Am Mittage desselben Tages befand sich der Flüchtling in dem nach Hof in Bereitschaft stehenden Eisenbahntrain und traf hier zufällig in einem Coupé mit zwei Bekannten aus Posen zusammen, welche bis Nürnberg in seiner Gesellschaft blieben.
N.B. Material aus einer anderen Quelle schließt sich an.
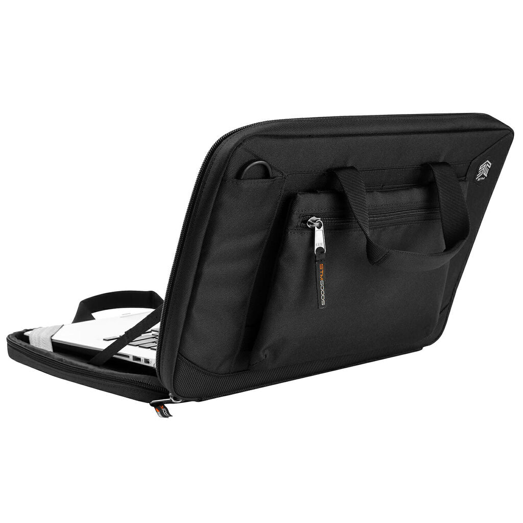 - Double-layer protection – laptop is suspended in the bag and encapsulated in a combination of cushy, padded foam and rigid, textured polycarbonate

Nachdem er sich in Hof durch eine dringend nothwendig gewordene Nachtruhe gestärkt, wurde am nächsten Morgen die Flucht auf den Flügeln des Dampfes über Nürnberg, Augsburg und Kaufbeuren nach Lindau fortgesetzt. Auf der Strecke von Nürnberg nach Augsburg hatte der Fliehende das unter den obwaltenden Umständen gewiß recht angenehme Vergnügen, die Gesellschaft eines bairischen Landjägers zu genießen, der ihn aber in keiner Weise behelligte. Ueberhaupt wurde er während der ganzen Dauer seiner Flucht nur ein einziges Mal, und zwar in Lindau, nach seinem Paß gefragt. Er übergab dem Polizeibeamten die Paßkarte, welche er in Altenburg erhalten hatte, und empfing dieselbe ohne alle Umstände nach Verlauf von einer Viertelstunde gegen Erlegung von sechs Kreuzern zurück. In Lindau speiste Rüstow im Gasthofe „zur Krone“ zu Mittag und erquickte sich durch einen Schoppen „Seewein“, ein Gewächs, welches nicht in allzugutem Rufe steht und an den Ufern des Bodensees erzeugt wird; daher der Name. Demnächst bestieg er um zwei Uhr den Dampfer „Ludwig“, welcher ihn schon um halbvier Uhr wohlbehalten nach Rorschach im Canton St. Gallen brachte. Hier endlich auf dem Boden der Schweiz durfte er sich dem Gefühle vollständiger Sicherheit hingeben und gönnte sich am 12. und 13. Juli im Gasthofe „zum Hirschen“ Ruhe und Erholung, welche durch die Strapazen und die Aufregung der Flucht sehr nöthig geworden waren. Von seinem Stübchen aus, dessen Fenster nach dem Bodensee gingen, warf er die letzten Blicke zurück nach Deutschland. Am 14. Juli endlich reiste er nach Zürich, das ihm seither eine zwar unfreiwillige, aber sichere und liebe Heimath geworden ist.